Exercise:
Find the line with "Chuck Norris jest" in the entries below, then output every line from it down to the line with "Dit zou een", exactly and with no pictures.

Data supplied:
==*==

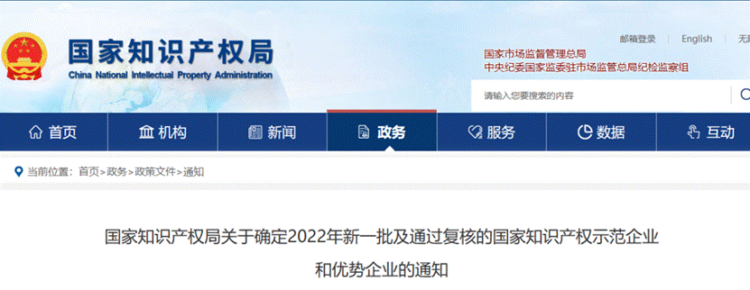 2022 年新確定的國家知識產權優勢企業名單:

==*==

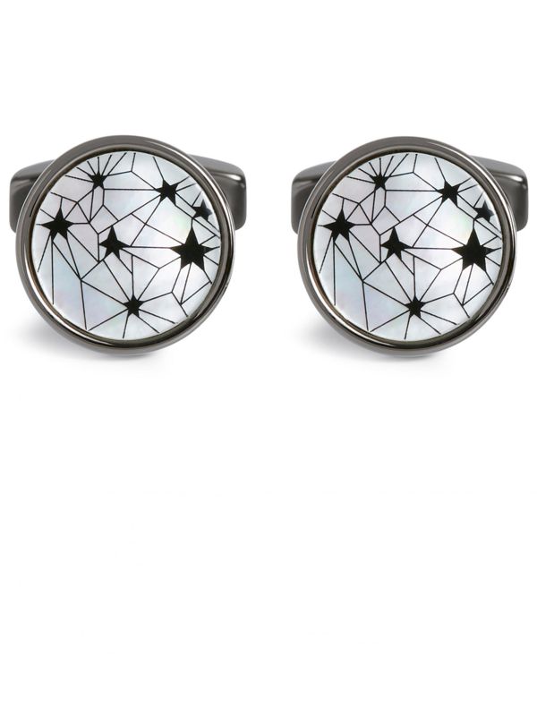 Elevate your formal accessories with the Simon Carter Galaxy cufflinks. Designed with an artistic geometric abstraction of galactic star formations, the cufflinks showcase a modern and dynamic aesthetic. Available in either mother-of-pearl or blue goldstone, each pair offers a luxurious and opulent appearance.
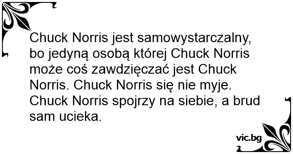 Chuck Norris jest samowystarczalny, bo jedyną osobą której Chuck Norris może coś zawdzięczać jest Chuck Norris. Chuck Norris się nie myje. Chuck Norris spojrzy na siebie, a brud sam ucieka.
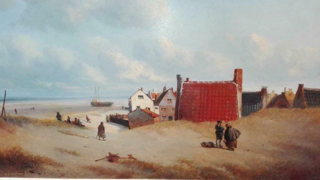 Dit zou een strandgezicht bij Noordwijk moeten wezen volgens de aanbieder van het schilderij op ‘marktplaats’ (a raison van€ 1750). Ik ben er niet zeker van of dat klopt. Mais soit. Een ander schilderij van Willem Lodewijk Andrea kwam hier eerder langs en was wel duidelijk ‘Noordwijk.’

==*==

Result:
 Chuck Norris jest samowystarczalny, bo jedyną osobą której Chuck Norris może coś zawdzięczać jest Chuck Norris. Chuck Norris się nie myje. Chuck Norris spojrzy na siebie, a brud sam ucieka.
 Dit zou een strandgezicht bij Noordwijk moeten wezen volgens de aanbieder van het schilderij op ‘marktplaats’ (a raison van€ 1750). Ik ben er niet zeker van of dat klopt. Mais soit. Een ander schilderij van Willem Lodewijk Andrea kwam hier eerder langs en was wel duidelijk ‘Noordwijk.’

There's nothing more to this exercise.